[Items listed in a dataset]
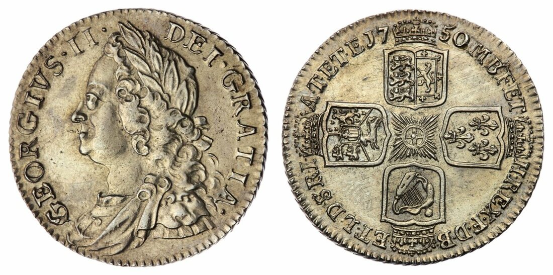 George II (1727-1760), 'Old Head' Shilling, 1750 over 46, ('5 over 4'), 'Wide 0', old laureate, draped and cuirassed bust left, rev. four crowned shields cruciform, seven strings to harp, obliquely milled edge, 6.01g, 6h (Bull 1732; ESC 1211; Spink 3704), bright and lightly wiped, otherwise lustrous, a really bold very fine, the overdate clear
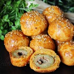 Эти крошечные булочки с оливкой внутри можно подать с бокалом вина или пива, пока гости ожидают ужин. Они также отлично подойдут для фуршета, пикника или позднего завтрака с шампанским.
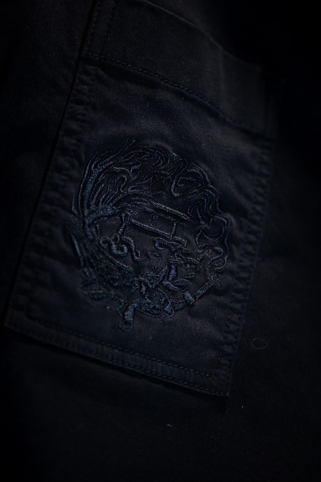 携帯が入れやすいポジションに専用ポケットがあり陸漆陸-弐式-のロゴが刺繍で入ってます。
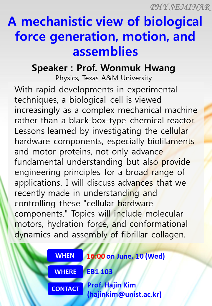 Physics Colloquium Wednesday, June 10, 2015 16:00 Place : EB1 103 Participant : UNIST Students Department : School of Natural Science Staff : Inyoung Yoo Contact : 052-217-3608 E-mail : inyoungyoo@unist.ac.kr calendar facebook twitter google plus email Title: A mechanistic view of biological force generation, motion, and assemblies Previous Post Mathematical Sciences Colloquium Next Post Admissions Seminar for Head Teachers from Science High Schools in Korea
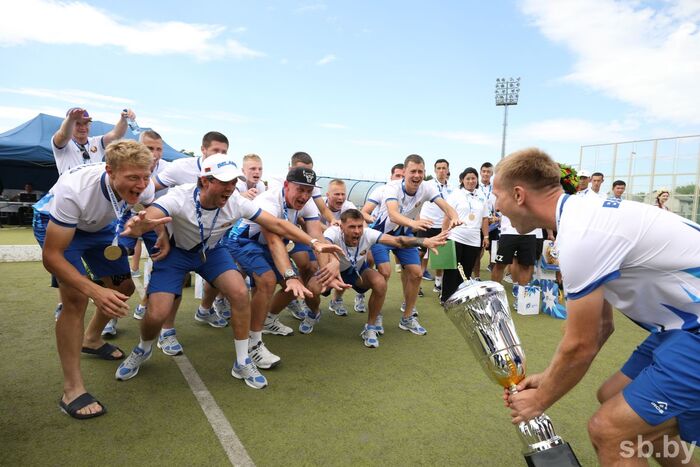 Радость победы белорусской сборной в состязаниях по хоккею на траве II Игр стран СНГ.
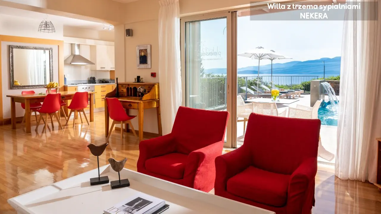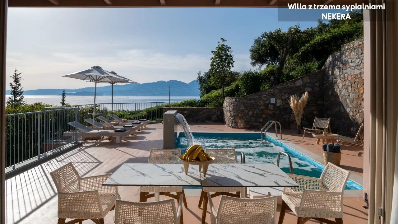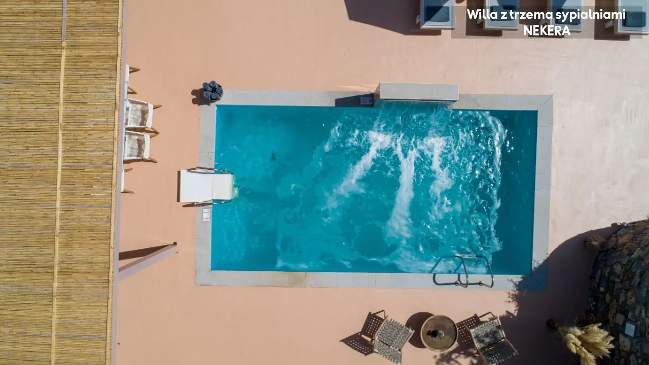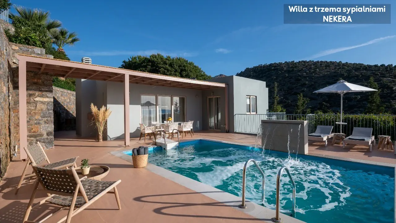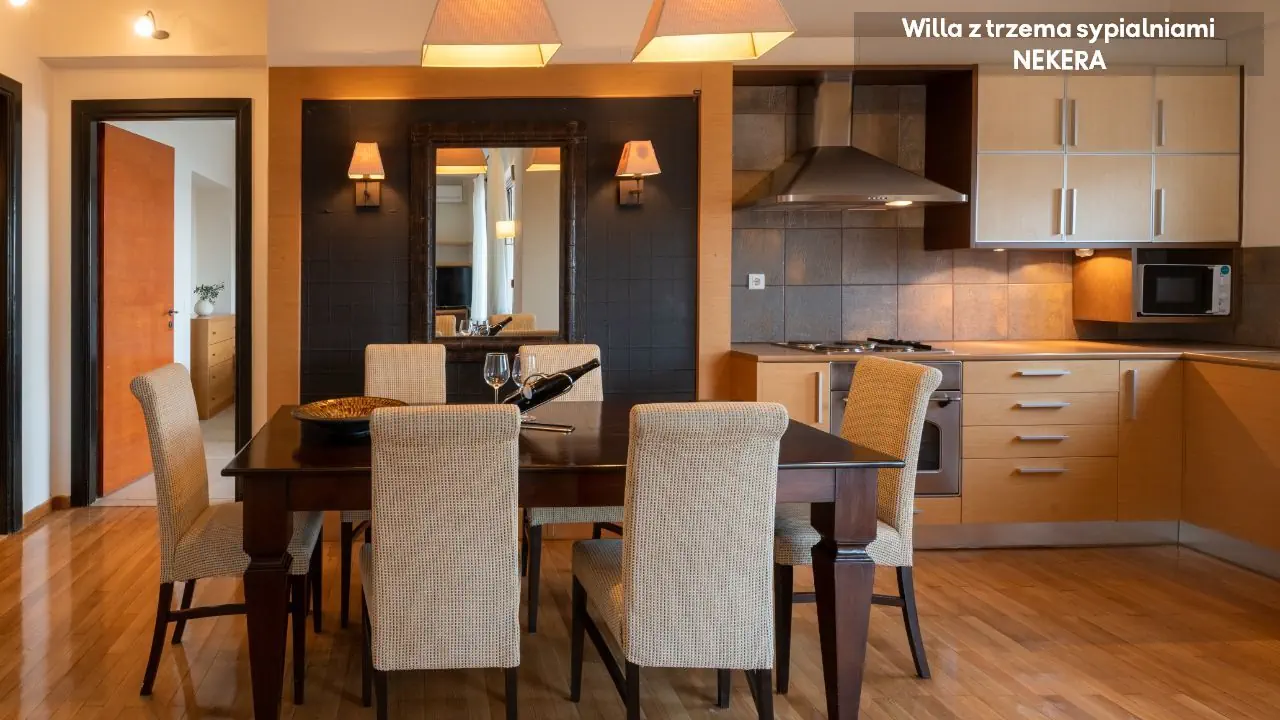 Willa z dwoma sypialniami TWO BEDROOM VILLA: ok. 110 m²; mogący zakwaterować maksymalnie 5 osób (maks. 4 osoby dorosłe i 1 dziecko; maks. 2 osoby dorosłe i 3 dzieci); jedno łóżko podwójne typu king-size lub dwa łóżka pojedyncze; indywidualnie sterowana klimatyzacja, doskonale wyposażony aneks kuchenny (czteropalnikowa kuchenka, piekarnik, zmywarka, zamrażarka, lodówka, niezbędne sztućce, naczynia, drobny sprzęt AGD tj. kuchenka mikrofalowa, ekspres do kawy i herbaty, czajnik, wyciskarka do owoców, toster); dwa telewizory (28-calowy w salonie i 14-calowy w sypialni), odtwarzacz DVD/CD, Wi-Fi, telefon, sejf, zestaw do prasowania; dwie prywatne łazienki z wanną i toaletą (umywalka, ręcznik, suszarka do włosów, zestaw do parzenia kawy i herbaty, lustro, lusterko do makijażu, kapcie, szlafrok); pralka, suszarka; balkon lub taras, prywatny zewnętrzny basen, miejsce parkingowe. Willa z trzema sypialniami THREE BEDROOM VILLA: ok. 143-155 m²; mogący zakwaterować maksymalnie 6 osób (maks. 6 osoby dorosłe; maks. 2 osoby dorosłe i 4 dzieci); jedno łóżko podwójne typu king-size i dwa łóżka pojedyncze; trzy prywatne łazienki (2 z wanną i toaletą; 1 z prysznicem i toaletą); wyposażone tak, jak: Willa z dwoma sypialniami TWO BEDROOM VILLA. Dostawka/dodatkowe łóżko płatne 50 €/dzień, możliwa tylko w willi z dwoma sypialniami.

**AIM OF THE EXERCISE:** What should be set down is every line from the opening of the records through the line that contains "携帯が入れやすいポジションに", exactly, with pictures left out.

**TASK RESULT:**
 George II (1727-1760), 'Old Head' Shilling, 1750 over 46, ('5 over 4'), 'Wide 0', old laureate, draped and cuirassed bust left, rev. four crowned shields cruciform, seven strings to harp, obliquely milled edge, 6.01g, 6h (Bull 1732; ESC 1211; Spink 3704), bright and lightly wiped, otherwise lustrous, a really bold very fine, the overdate clear
 Эти крошечные булочки с оливкой внутри можно подать с бокалом вина или пива, пока гости ожидают ужин. Они также отлично подойдут для фуршета, пикника или позднего завтрака с шампанским.
 携帯が入れやすいポジションに専用ポケットがあり陸漆陸-弐式-のロゴが刺繍で入ってます。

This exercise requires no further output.